Продрогнув, проголодавшись и устав от хождения и горьких раздумий, он направился во «Флоренцию», чтобы повидать Гаврилыча, единственного в Москве человека, который доподлинно понимает, как ему сейчас тошно. Гаврилыч опять снял фартук и колпак, подсел к его столику, но ни есть, ни пить не стал.
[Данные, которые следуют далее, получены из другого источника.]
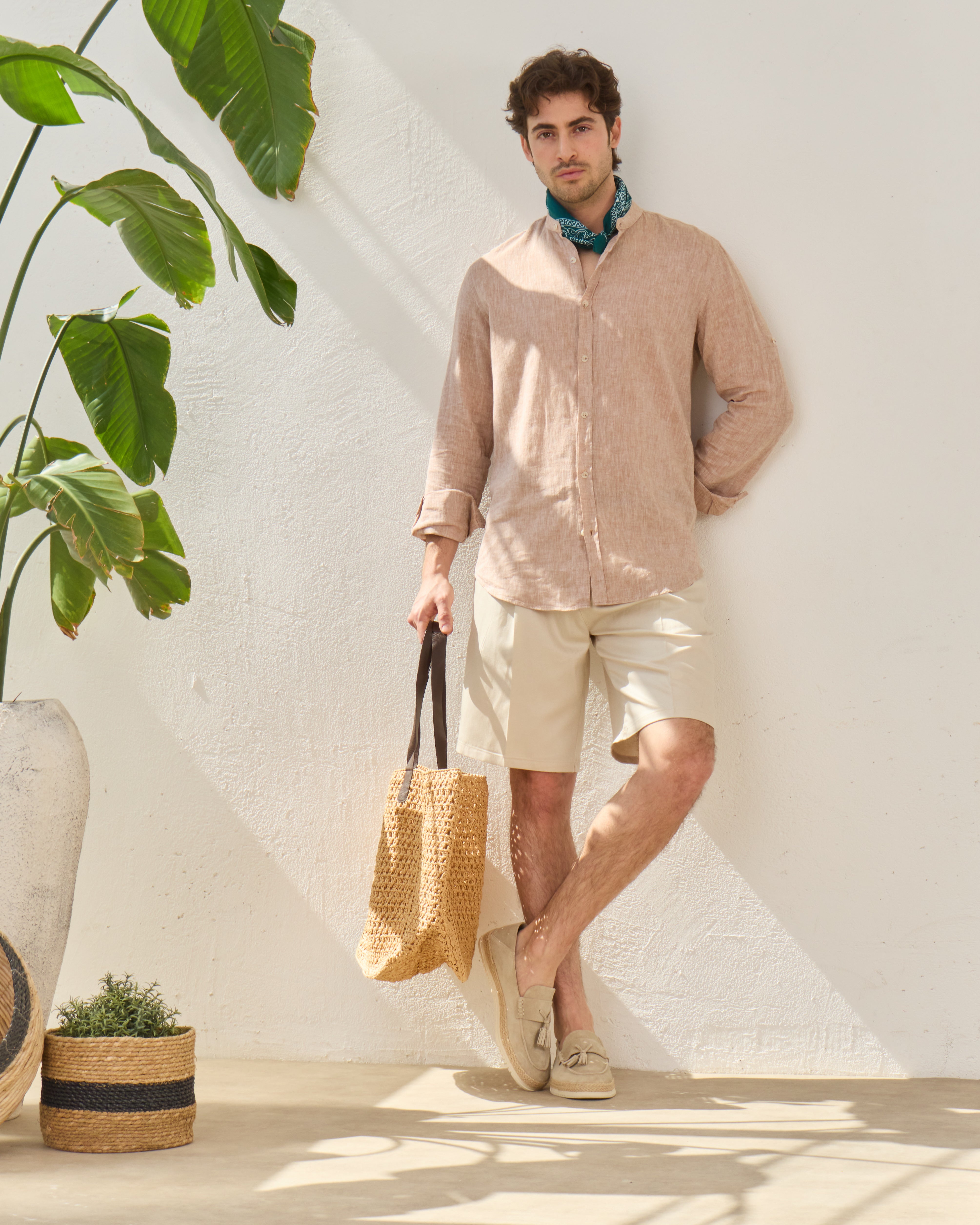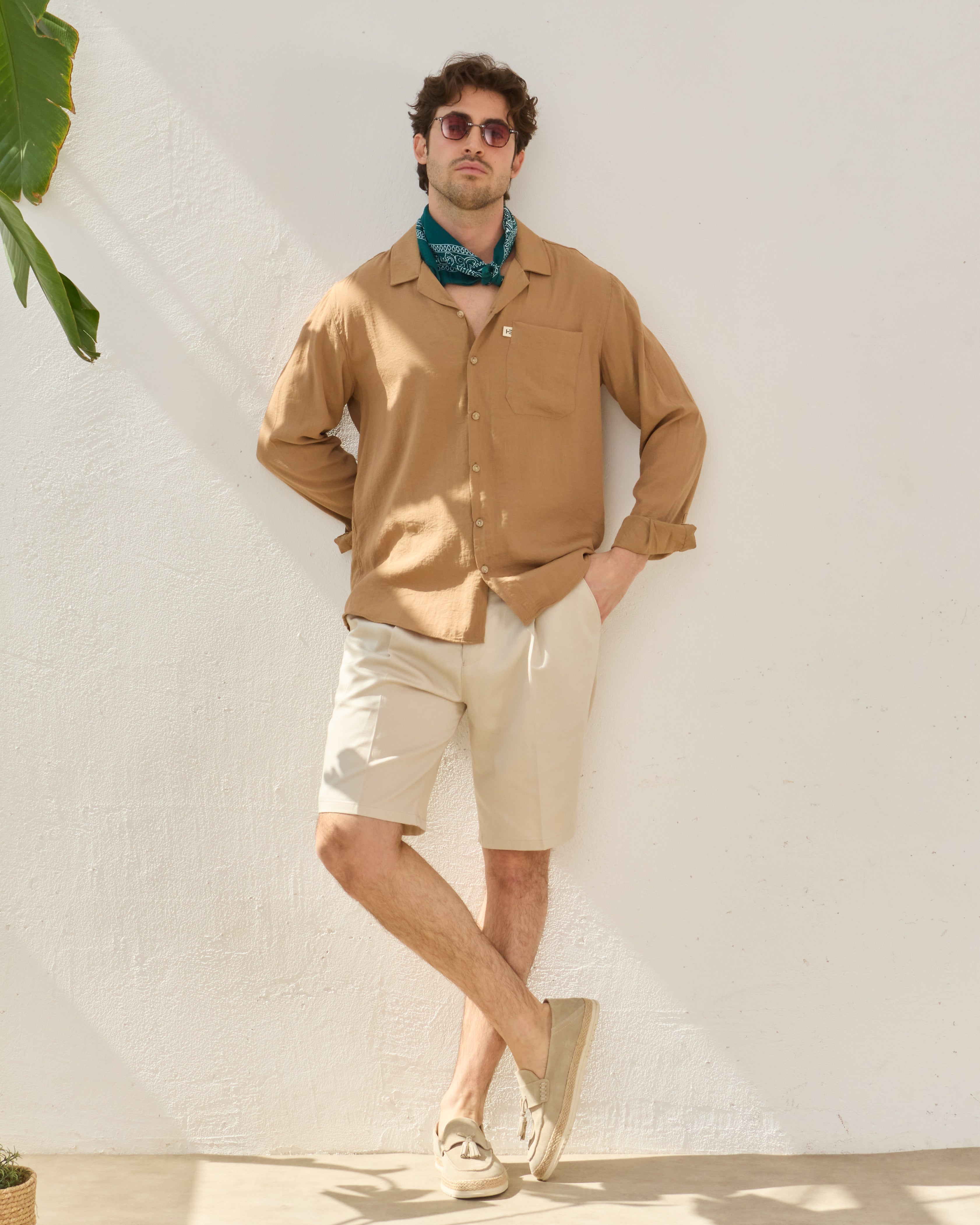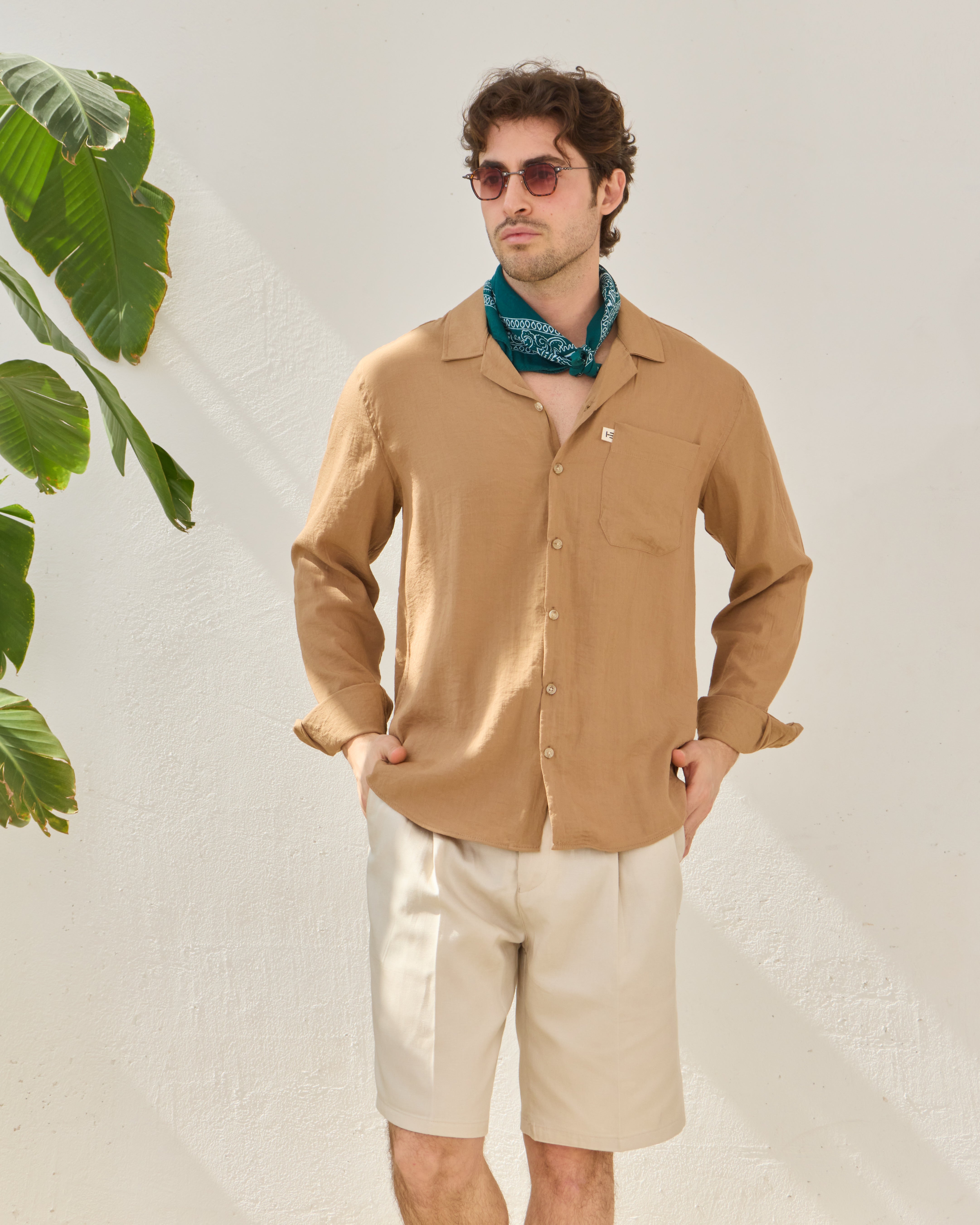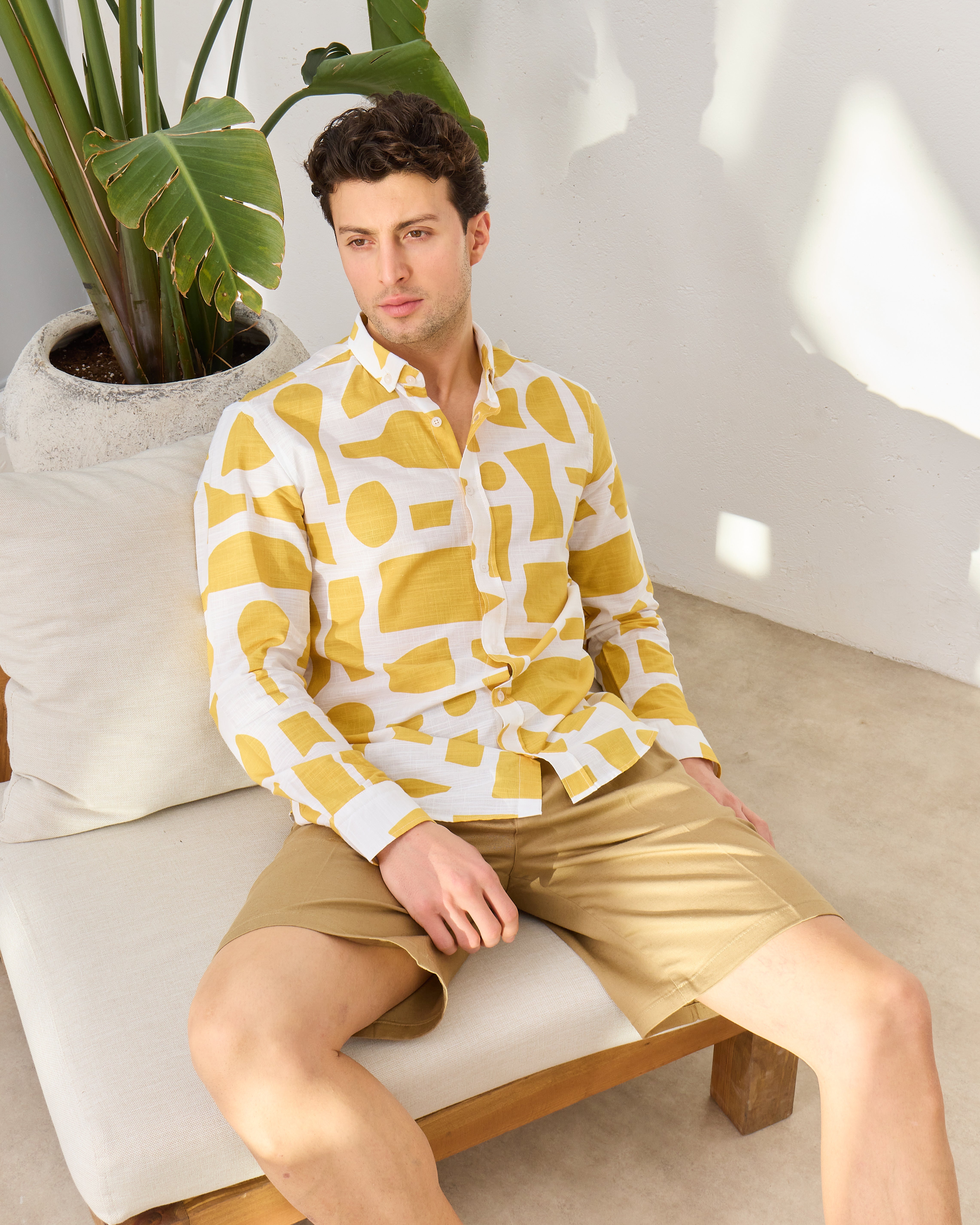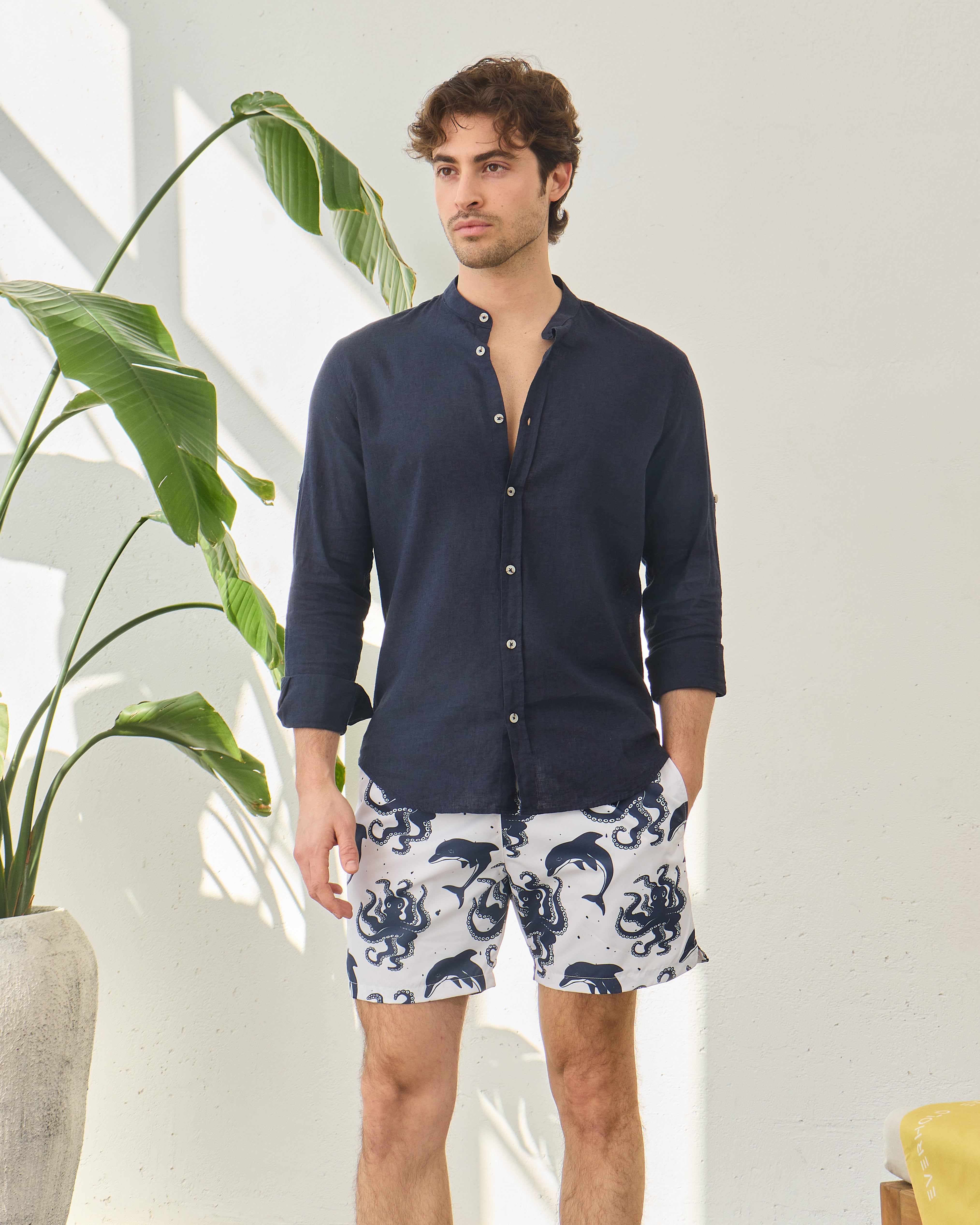 Cămașă Oversize cu Guler Cubanez – „Village Sketch” (alb-ivoire)

Ему предстояло вечером кормить швейцарскую делегацию, приехавшую на какой-то симпозиум в большом числе членов.
- Ладно, - сказал Овцын. - Посидите так, Гаврилыч...
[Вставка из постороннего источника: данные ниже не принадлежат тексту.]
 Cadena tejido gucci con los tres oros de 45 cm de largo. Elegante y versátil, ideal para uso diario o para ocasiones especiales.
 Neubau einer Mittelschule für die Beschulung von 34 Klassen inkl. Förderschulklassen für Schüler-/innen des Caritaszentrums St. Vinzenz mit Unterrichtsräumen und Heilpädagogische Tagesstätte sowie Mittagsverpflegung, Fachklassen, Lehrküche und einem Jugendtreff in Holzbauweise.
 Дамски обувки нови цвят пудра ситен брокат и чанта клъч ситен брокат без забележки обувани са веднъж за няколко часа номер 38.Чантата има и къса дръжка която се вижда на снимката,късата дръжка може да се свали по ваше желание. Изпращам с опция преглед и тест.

Он пил и рассказывал, рассказывал и опять пил, а повар все понимал и находил нужные слова для сочувствия.
- Очень требовательный вы человек, Андреич, - говорил повар. - Все вам подай высшего качества, с лимончиком. Скажем, Ксенечка наша - уж как она вас любила, как обихаживала, всю себя отдавала вам. Другой бы господа бога возблагодарил пламенно, что встретил такую женщину. А вы? Знаю, почему отвергли. Не девственница она, прошлое подмочено, душа надломлена. С изъяном человек. Сторонитесь вы таких.
- Сердце, Гаврилыч, лишено рулевого управления, - сказал Овцын. -Оно движется по воле стихий. При чем тут изъян?
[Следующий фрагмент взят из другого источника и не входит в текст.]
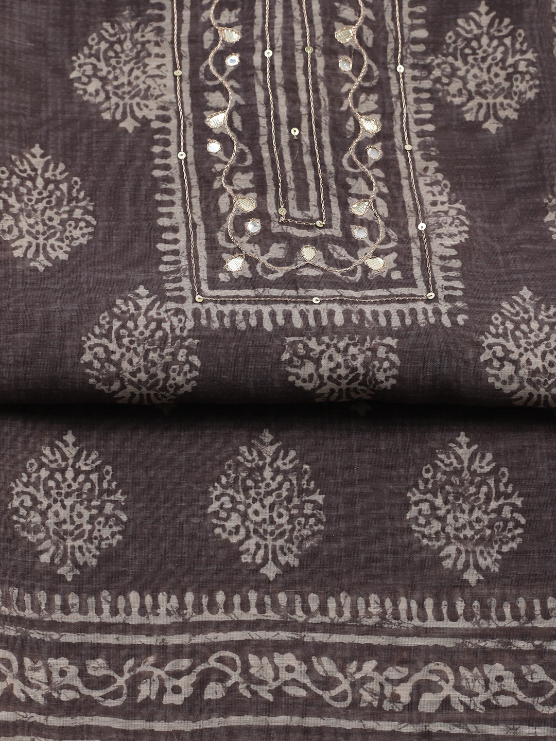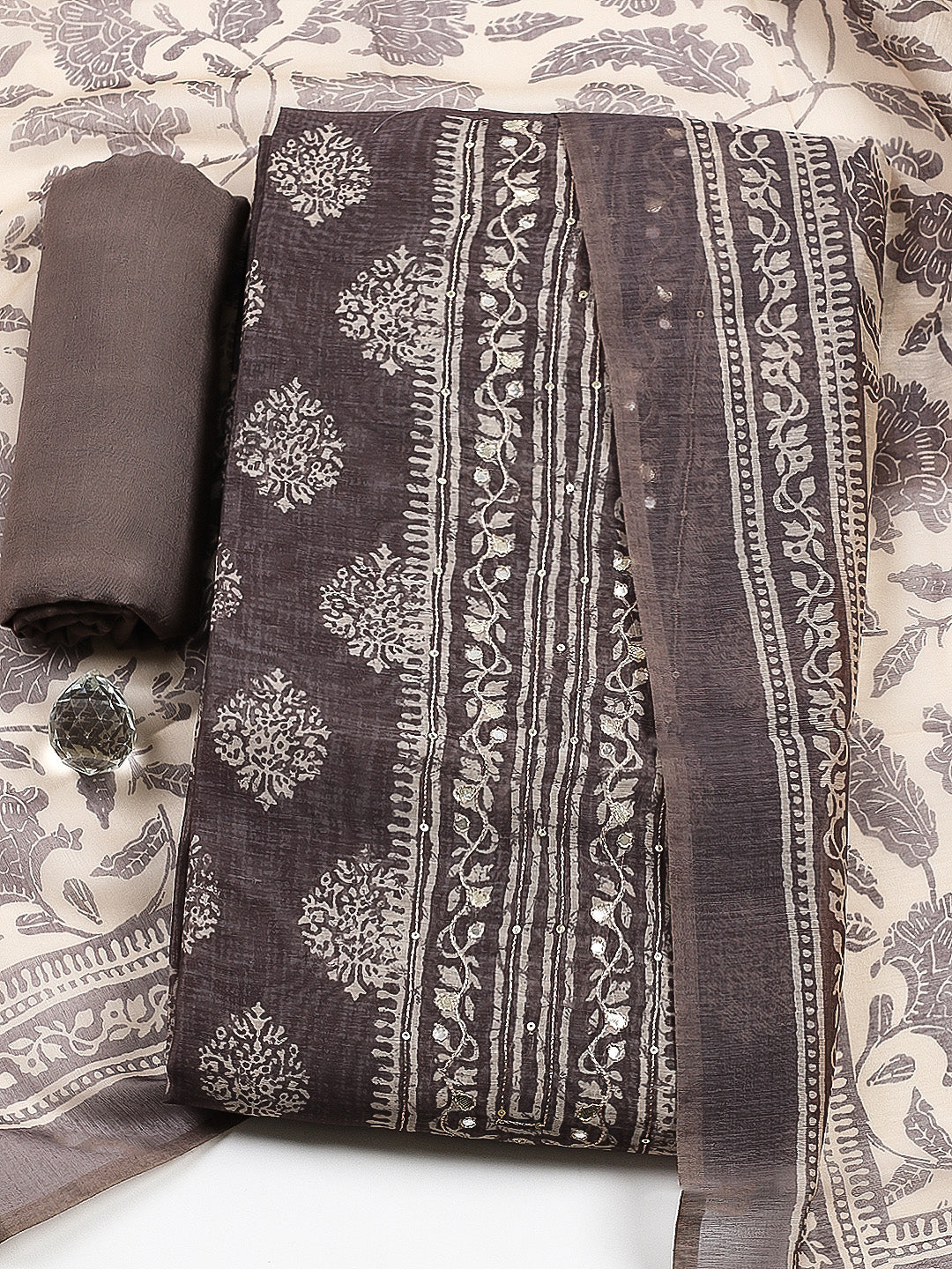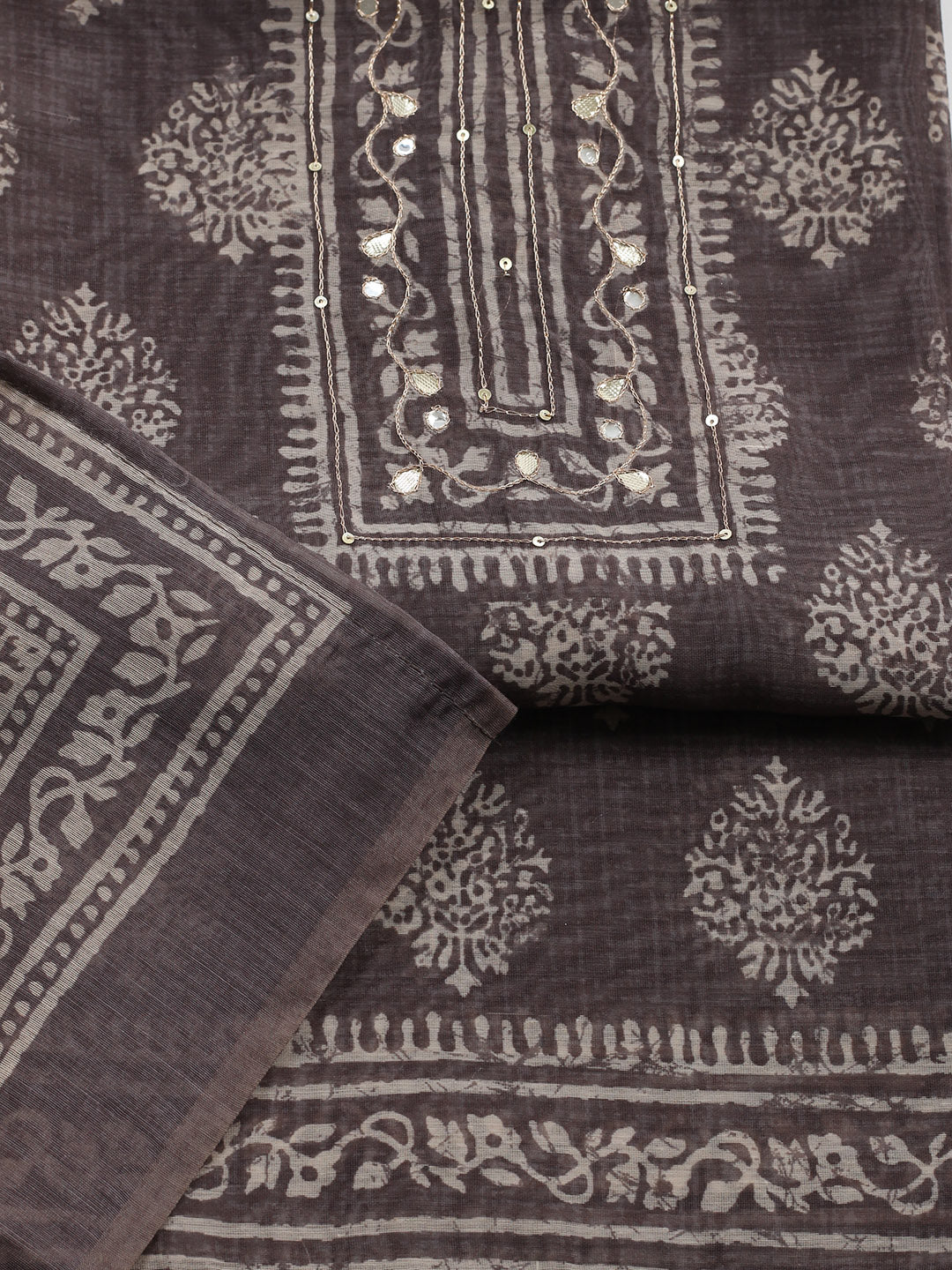 Embroidered Chanderi Unstitched Suit With Pant & Dupatta

- Какая воля стихий, - возразил повар. - На всякий человеческий шаг есть причина. Не сделал шага, и этому причина отыщется. Я вас понимаю, Андреич. Сам такой же, ну, конечно, пониже ростом. Все в моей жизни должно идти так, как я сам себе наметил, а не как некий Спирька меня заставляет. Но иногда...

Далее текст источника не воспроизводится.